Yesterday I received a comment on my post ‘Should You Write A Cancer Book?’ from an osteosarcoma survivor named Tamara wrote: “I would love to write a book and share my experience with those that are just starting the journey but I don’t know how to start.”
Though cancer is a monumental experience that we’d like to convey to others, our written story is only as compelling as our words make it. More important than how to start writing about cancer is to start knowing yourself as a writer.
Take time to experiment and discover your writing style, tone, and creative process. Do you want to convey emotions, practical solutions, a journal, or something else altogether? Do you enjoy writing in a descriptive, detailed, realistic, dreamy, or matter-of-fact tone? Are you a linear thinker who needs a logical plan for a project, or are you prone to passionate tangents of thought that eventually weave together? Do you need a disciplined writing schedule or are you more productive if you only write when you are moved to? The only way to find the answers to these questions is to just practice writing about anything.

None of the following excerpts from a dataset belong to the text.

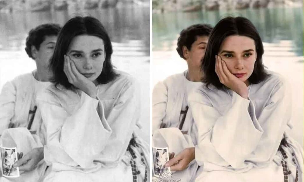 Просматривая чёрно-белый мир фотографий, мы забываем, что в реальной жизни цвет был таким же ярким, как и сейчас. К счастью, благодаря талантливым художникам мы можем изучить старые кадры более внимательно, чем когда-либо. Например, снимок Одри Хепбёрн на площадке фильма "История монахини" 1958 года. Да, существует множество цветных фотографий культовой актрисы, но лишь единицы запечатлели откровенные, закулисные моменты, подобные этому.
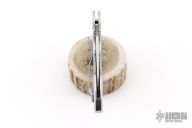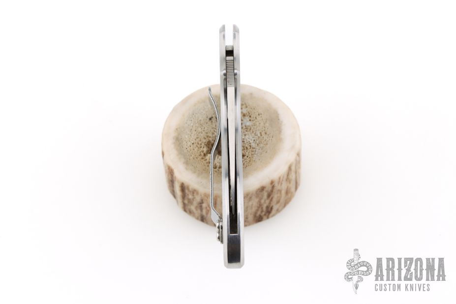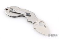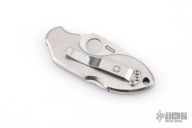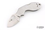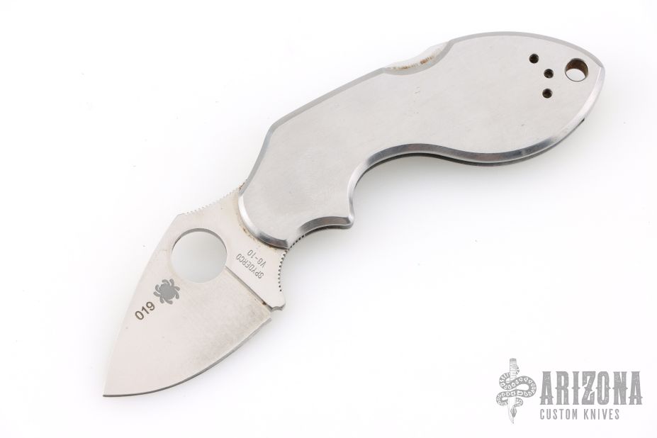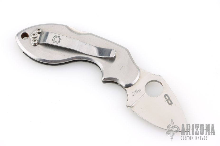 During work hours Chad Los Banos is a Corrections Officer on Hawaii's Big Island. On his free time he is a hobbyist who practices martial arts and collects knives. In both his job and on his free time he handles knives, lots of them in all shapes and sizes. This motivated him to develop his own knife design he calls the Lava. The Lava's form follows function approach piqued Spyderco's interest and a collaborative knife design was the result. The Spyderco/Los Banos Lava has a long curving handle paired with a short blade. The blade's cutting edge drops downward creating a negative blade angle, a positive feature when holding the knife. The negative angle positions the blade's cutting edge lower than the user's index finger so the wrist is in alignment. When the blade and wrist align, you can cut longer with less fatigue and better leverage. Chad's design philosophy was not to force the hand to fit the knife, but have the knife conform to the hand- any sized hand be it large or small. He kept the blade under two inches and Spyderco manufactures it in VG-10 stainless steel, PlainEdged and flat-ground. The stainless steel handle curves ergonomically with a cutaway finger choil, pronounced enough to seriously wrap a hand around and solidly grip. A backlock with a Boye safety dent, locks the blade open and a steel pocket clip positions the (closed) knife, tip facing upward, in the pocket. Has scratches, otherwise good condition.
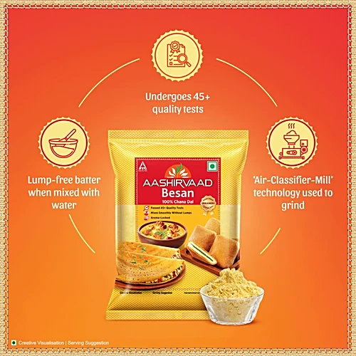 Aashirvaad Besan is made from 100% Bikaneri chana dal, harvested in the right conditions from the farms of Rajasthan. State-of-the-art ‘Air Classifier Mill’ technology helps seal in the aroma and freshness and ensures uniform granulation for a perfectly smooth batter. the delicious aroma and the rich colour will make your favourite besan dishes unforgettable!

Remember the song: “Let’s start at the very beginning, it’s a very good place to start”? This is the anti-thesis of how I write. I start out in left field and prefer to not know where I am headed. I let ideas flow but also heavily edit my work, eventually trashing parts I love but know don’t serve the piece as a whole. I am not even particularly concerned with the accuracy of my own memory. During surgery, treatment, and recovery, I profusely wrote in 12 spiral bound journals. I never referenced them nor included any of the material in my book.
My cancer book began by sitting in a big empty studio, blasting Belle and Sebastian, and making drawings on paper towels that were meant to become modern dance choreography. I had never written non-fiction prior to the publication of my book Everything Changes; for a decade before my young adult cancer diagnosis I was a choreographer. My program notes for the performance grew so lengthy that I ditched the performance and turned the program into the seeds of my full-length non-fiction book.
Figuring out how to write about my cancer sounds like a daunting task. Be easy on yourself. Maybe start writing about something entirely different for a while. It just might lead to your cancer story.